Дам тебе за это миллиард.
Все откроются перед тобой пути,
И тебя признает вся страна,
 
 
– Отойди
От меня сатана.
 

Этот диалог поэта с дьяволом (стихотворение так прямо и называется: «Поэт и дьявол»), по правде говоря, сперва озадачивает. То, что поэт, отчаянно нуждающийся в насущном хлебе, отказывается даже и за миллиард отступиться от своих художественных прихотей, – это нас в конце концов не слишком удивляет. Другое дело – всенародное признание. Какой поэт не хочет признания, да еще не какой-нибудь там кучки избранных ценителей, а всей страны.

Были, конечно (в прежние времена), и такие чудаки, откровенно пренебрегавшие признанием народа:

 
Люблю людей, люблю природу,
Но не люблю ходить гулять,
И твердо знаю, что народу
Моих творений не понять.
 

(В. Ходасевич)

Но Глазков – не из их числа. Он признанием народа пренебрегать отнюдь не склонен. Просто он убежден, что этого самого признания можно достичь лишь одним-единственным способом:

 
Рассчитывая на успех,
Желая отразить эпоху,
Поэт сложил стихи для всех.
Жена прочла, сказала: – Плохо!
 
 
Тогда одной своей жене
Поэт сложил стихи другие.
И оказалось: всей стране
Потребны именно такие.
 

Может быть, это шутка. Но в каждой шутке, как известно…
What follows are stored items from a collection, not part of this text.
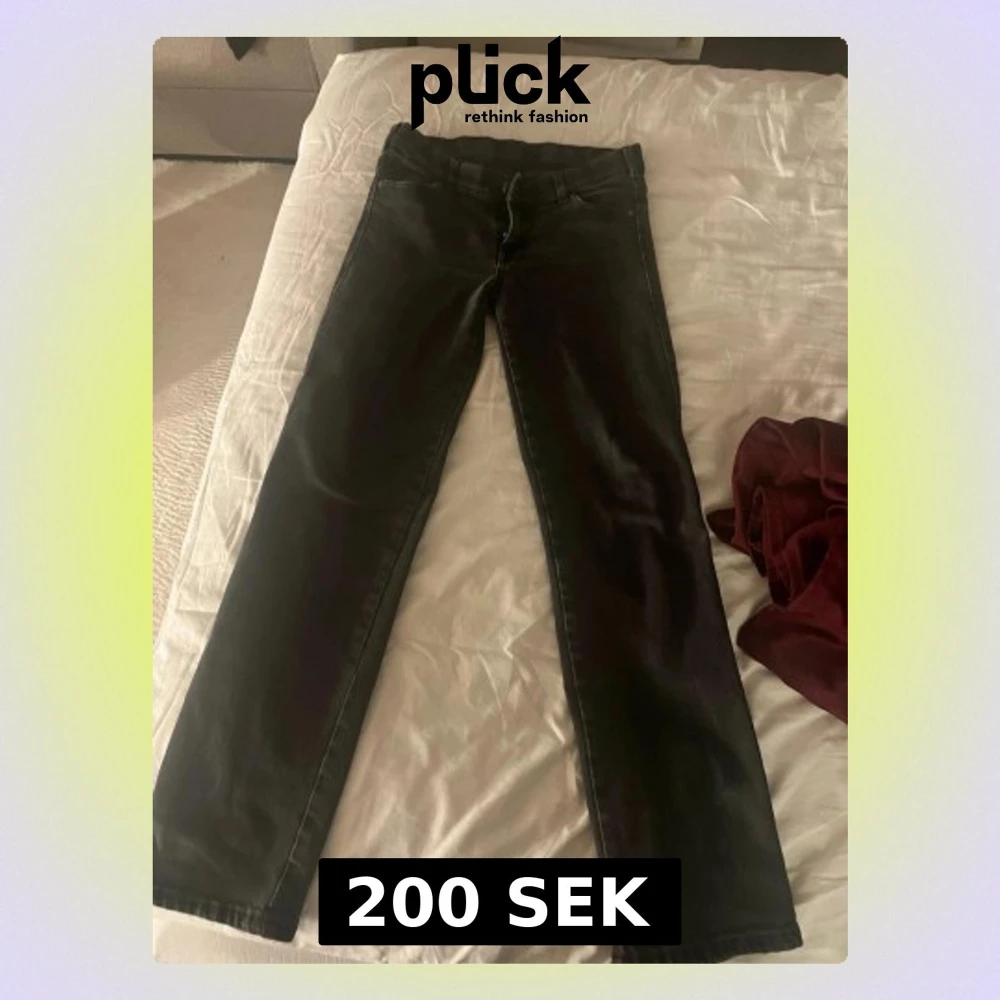 säljer mina jeans ifrån nelly som är lågmidjade. det sitter prefekt vid hälen och jag är 1,60.
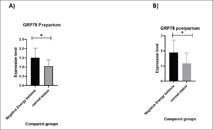 Results: The results of our study revealed that β-HB concentrations are higher significantly (p=0.0001) in NEB than in normal-status cows, both prepartum and postpartum. Similar results were observed regarding NEFA concentration in NEB compared with that in normal-status cows. However, this increase in NEFA concentration did not reach a significant level both prepartum (p=0.100) and postpartum (p=0.141). In addition, NEB cows showed significant downregulation of IL-15 expression levels (p=0.003) compared with normal-status cows postpartum. There were no significant (p=0.934) differences in IL-15 expression levels between the two groups prepartum. Furthermore, the results showed that GRP78 expression levels were significantly upregulated in NEB compared to normal-status cows both prepartum (p=0.010) and postpartum (p=0.034).
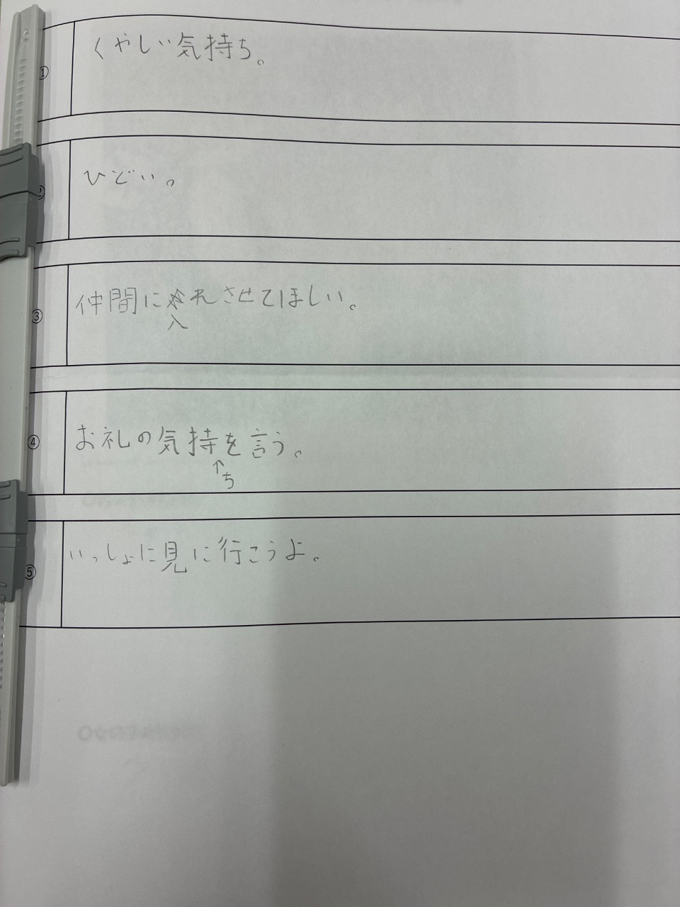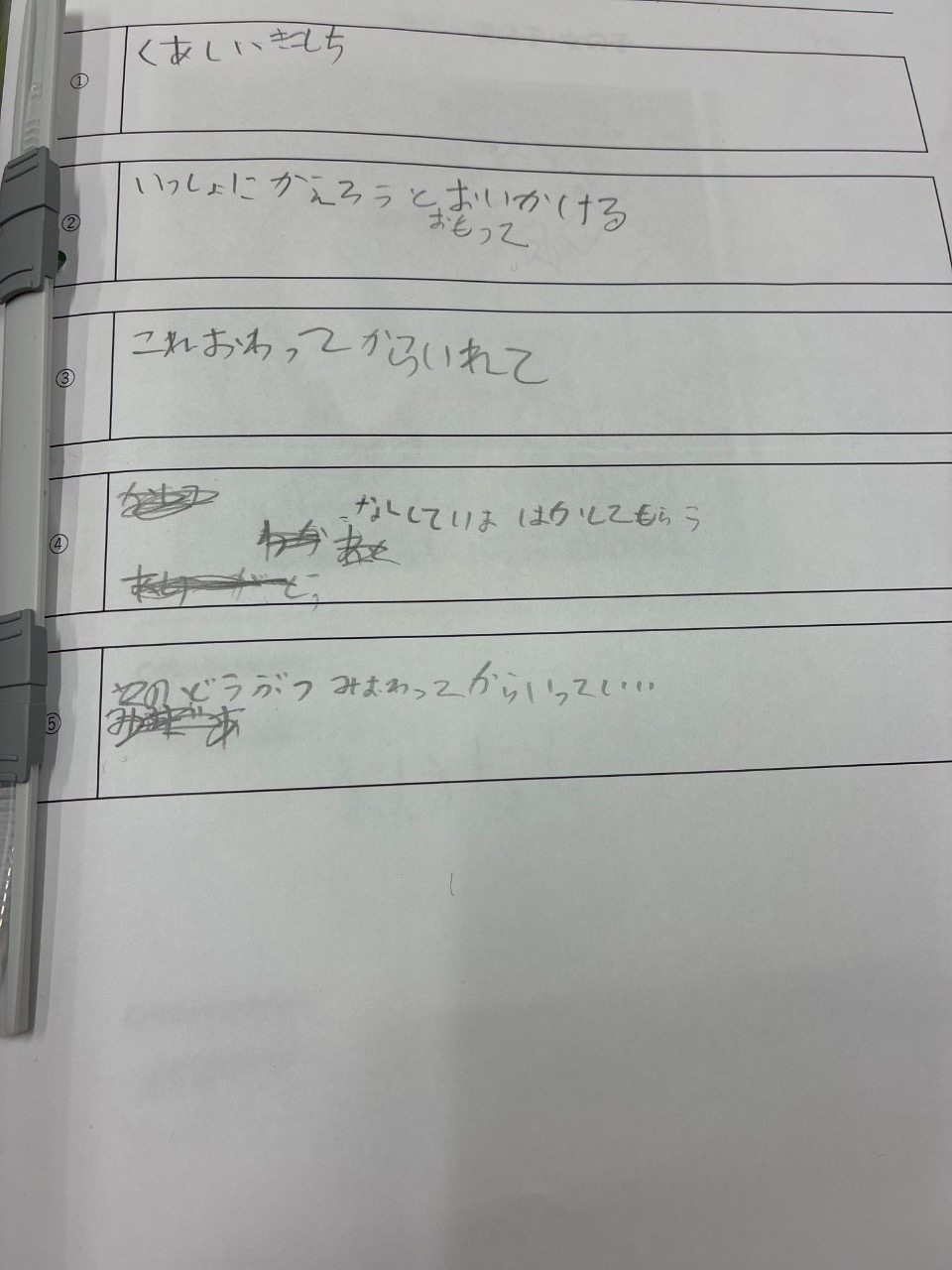 (4)赤鉛筆を忘れてしまいました。隣のお友だちが『使う?』と言って差し出してくれました。

Впрочем, вот стихи, в которых та же мысль утверждается уже отнюдь не в шуточной форме:

 
Но если путь к иным победам
Я предпочту иным дорогам,
Тогда не буду я поэтом,
Тогда не буду я пророком.
 
 
Я обрету людей степенность,
Я принесу немало пользы,
Меня признает современность;
Но обо мне забудут после.
 

Все опять-таки было бы довольно просто, не таило бы в себе никаких загадок, если бы поэт пренебрегал лишь соблазнительной возможностью «обрести степенность». В конце концов, что такое – эта самая пресловутая степенность? Положение в обществе, социальный статус… То есть в конечном счете – те же материальные блага, только в несколько ином выражении.
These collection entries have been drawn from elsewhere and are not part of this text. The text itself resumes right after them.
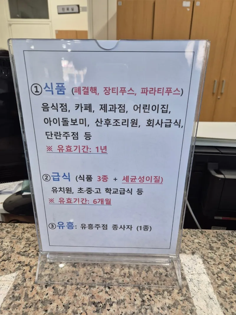 음식점 종사자라면 보통 1년에 한 번 재검사 후 보건증을 갱신해야 합니다.
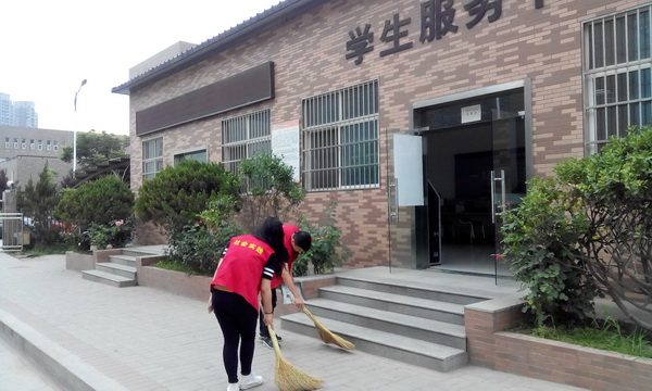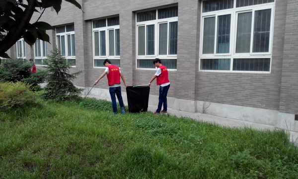 參加社會實踐的同學(xué)們深入到E座教學(xué)樓后清理衛(wèi)生死角
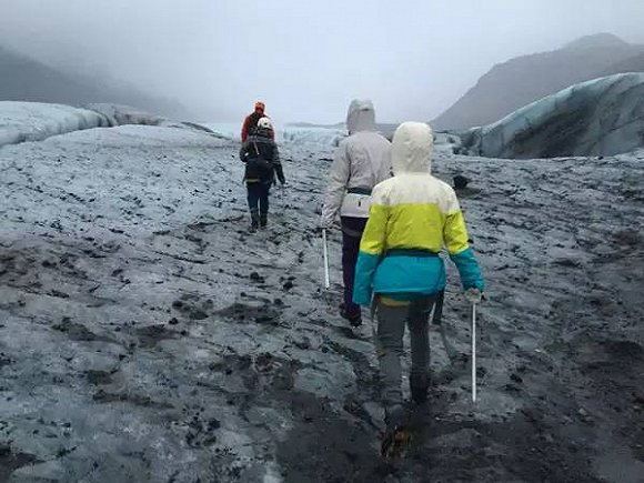 我们报的团其中之一就是冰川徒步,这是整个行程里我认为继极光之后的最值得体验的项目。冰川徒步需要预约时间,需要自己先到集合地集合,向导会给您配备冰爪、冰镐以及防滑带,我们去的时候正在下雨,但是没办法打伞,所以这就体现了防水防风衣的重要。穿好装备后,向导开车将我们带到冰川附近,这样,神奇的冰川徒步就正式开始了。
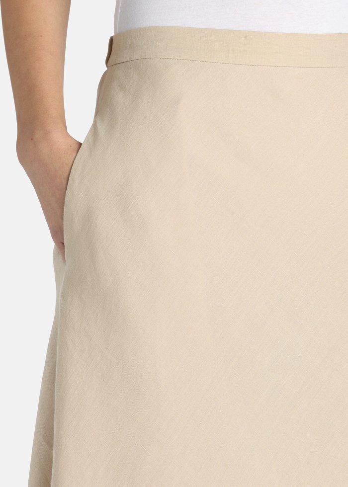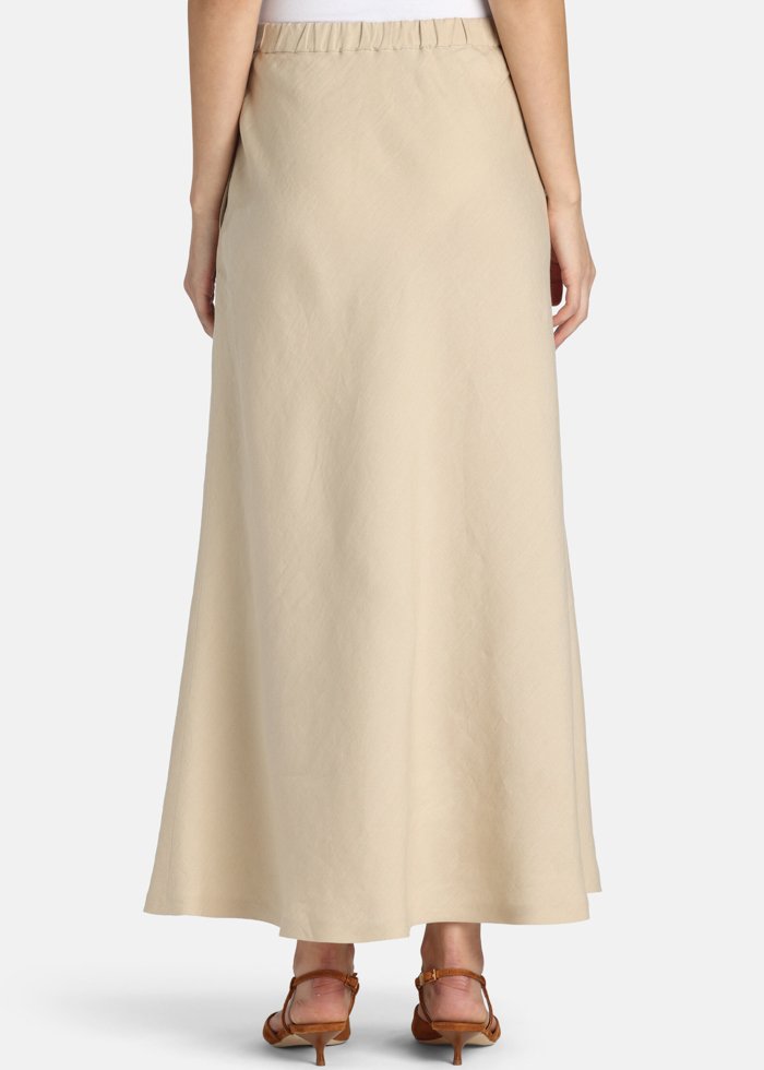 Ilgas sijonas iš gryno lino, platėjančio silueto. Modelis su šoninėmis kišenėmis ir juosmeniu su elastine juosta nugaroje, užtikrinančia patogumą. Ilgis – iki žemės.

Куда удивительнее, что поэт столь же решительно и категорично отвергает другую открывающуюся перед ним, более благородную возможность: принести своим трудом «немало пользы».

Но тех, кто помнит стихотворение Пушкина, отрывок из которого мы только что прочли, это обстоятельство удивит не слишком. Пушкин об этой самой «пользе» отзывался еще пренебрежительнее.

 
Тебе бы пользы всё – на вес
Кумир ты ценишь Бельведерский.
Ты пользы, пользы в нем не зришь, —
 

презрительно кидает у него поэт, обращаясь все к той же «толпе».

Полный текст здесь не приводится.